Dennis: “Well, then I’ll just take one!”
At this point he wrestled me to the ground and while looking directly in the eyes…
Dennis: Now I’m going to kiss you.
He kissed me long and tenderly. Even at 8 years old I knew it was an incredible kiss. When he got up, I just laid there, staring up at the clouds, with my head whirling, and holding onto the grass so I wouldn’t fall off the earth! He started to run out of the yard.
Me: Wait! Where are you going?
Dennis: Back to the park to get another kiss!
After all these years I remember that kiss, but more importantly, I remember what it felt like to be “in love” at 8 years old. In the eyes of adults, childhood love is often reduced to trivial proportions, warranting nothing more than amused smirks and good natured teasing. When a child’s heart is broken, consolation often comes in the form of trite platitudes…
“It’s only puppy love.”
“You’ll get over it soon.”
“You didn’t really love him, it was just a crush.”
I will go on record of saying I think the most important secret to effective parenting is to truly remember how you felt while growing up. Love at 8, 12, or 16 is every bit as real, and inarguably purer, than love experienced at 23 or 46! Age is not a justifier of intense emotional conditions. And if, as a parent, you truly wish to communicate with your child then validate their feelings, and REMEMBER what would have helped you.
I remember one New Year’s Eve, when my youngest was around 11 years old. He was going to a “lock-in” at our community’s roller rink. A few weeks before that, he had met a girl while skating. She was from a different school, so they would meet at the roller rink, skate together and began talking on the phone. She became his girlfriend. He had bought her a Christmas gift, and New Year’s Eve was his first opportunity to give it to her. He had put a great deal of thought, and allowance, into the gift. The emerging romantic had purchased a necklace and teddy bear. He placed the necklace around the teddy bear’s neck, put a bow on it, and set off from home with a gift that would have melted the heart of any grown woman!
We dropped him off at 11:00 p.m. with plans to pick him up at 7:00 a.m. the next morning. At 11:45 we got a call from my son asking to be picked up. His father and I went to collect him, and when I saw him, I knew something was very wrong. “Let’s walk”, I suggested. It was snowing heavily, but the two of us trudged through the mostly abandoned parking lot. His father followed along behind us in the car, shining his headlights on the path we were forging. After a while of walking in silence he told me that his girlfriend broke up with him…after he had given her his gift. He looked to me for explanations. Why had she broken up with him? Why did she call just hours before to make sure he’d be at the party? Why did she accept the gift if she was going to break up with him? And why were her and her friends so mean to him after she did? I couldn’t give him the answers he was seeking. All I could do was feel his pain. We walked for half an hour, all the while I held on to the invisible locket that hung from my neck, holding the photos of Dennis and every other boy I had ever loved and memories of countless childhood joys and sorrows. I told him I was sorry he was hurting. I told him I’ve been hurt like that before. And I told him I didn’t know why she behaved like she did. I didn’t tell him that he’d get over this soon, or that he’d find a new girlfriend, or that this was the first of many heartbreaks. That's not what he needed from me that evening; he needed someone with whom to share his profound sorrow.

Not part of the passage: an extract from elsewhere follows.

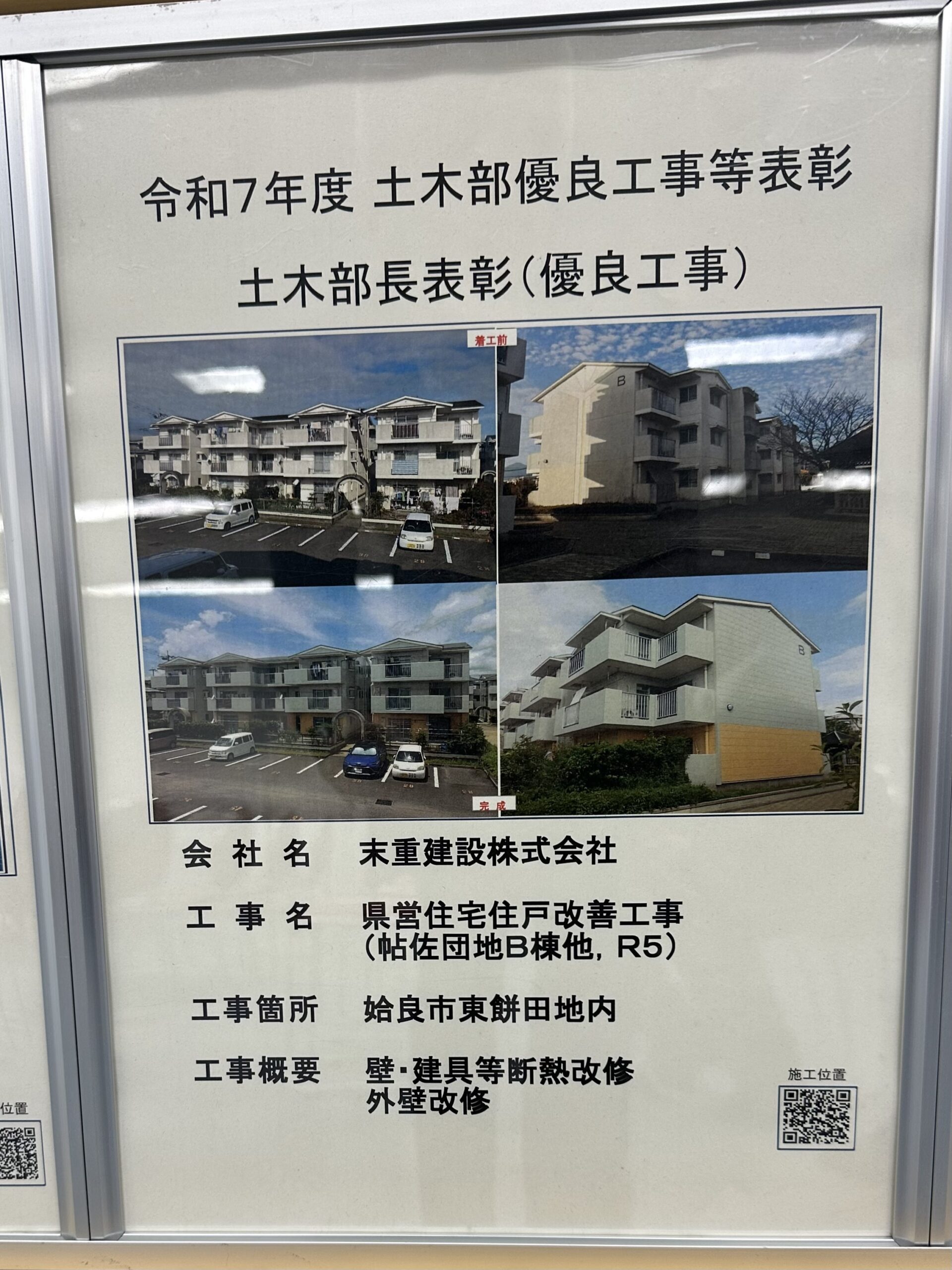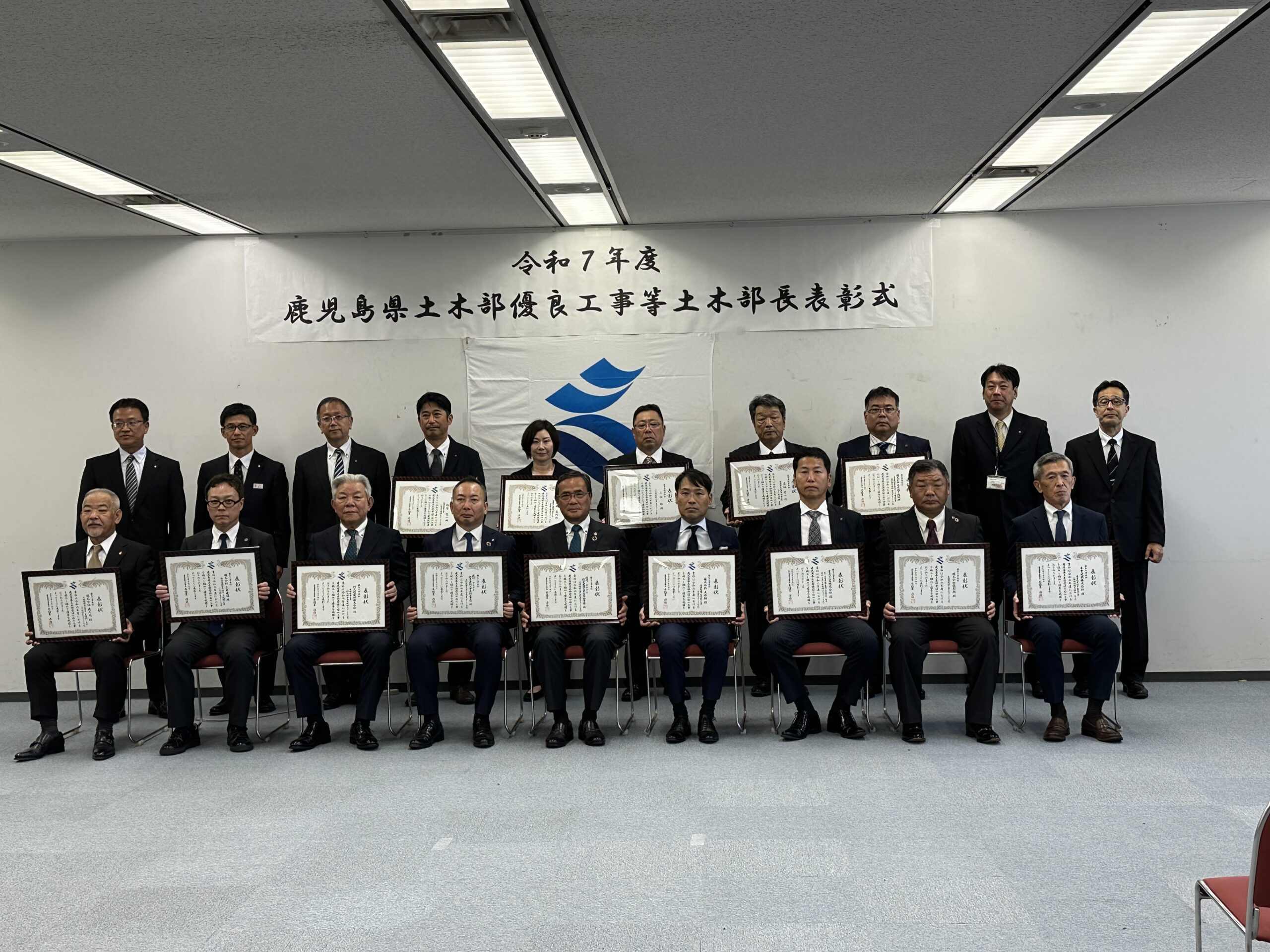 令和7年10月14日、弊社施工の住戸改善工事にて、令和7年度鹿児島県土木部部長表彰を、頂きました。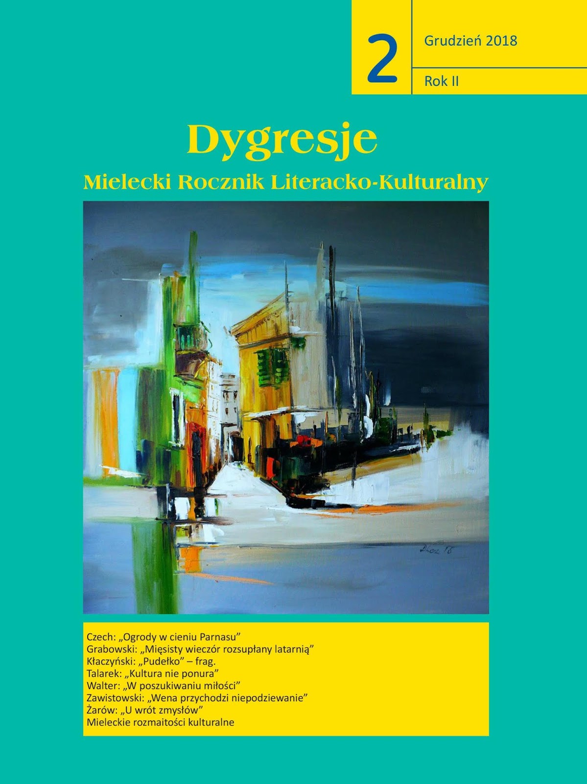Drugi numer „Dygresji” - Mieleckiego Rocznika Literacko-Kulturalnego, który, na 246 stronach, zawiera 145 zdjęć i 45 prezentacji z różnych dziedzin literatury. Pismo przedstawia bogatą plejadę autorów, wśród których wiedzie prym aż dwudziestu czterech poetów i pięciu prozaików. W numerze, po raz pierwszy, pojawił się rozdział wywiady, są krótkie formy satyryczne, a także felietony Andrzeja Talarka, teksty krytyczno-literackie, artykuły publicystyczne dotyczące działalności warszawskiej Fundacji „Arkona”, dokumentacja rocznej działalności literackiej wydawcy rocznika - Mieleckiego Towarzystwa Literackiego, bogata galeria fotograficzna oraz nowości wydawnicze MTL powstałe w przeciągu 2018 roku. Można tam także znaleźć, na okładce i w tekście, zdjęcia obrazów znanej mieleckiej malarki Doroty Łaz. Bogactwo jej twórczości ozdabia karty rocznika plejadą tematów.

Of course, he did get over it soon, but the point being, at the time, his feelings deserved to be validated. His pain was real, as was his affection for the girl. Over the years I would have many of these types of discussions with my children. At other times, they choose to keep their emotions tucked away, and my job was to give them room to decide on their own course of action, and to honor their privacy. Raising children is an opportunity to relive our own lives; to revisit the wondrous, and sometimes painful, experiences that helped mold our adult form. By staying in touch with our own childhood, we will be better prepared to help our children through their own.
What do you keep in your invisible locket? Remember to wear it and open it often!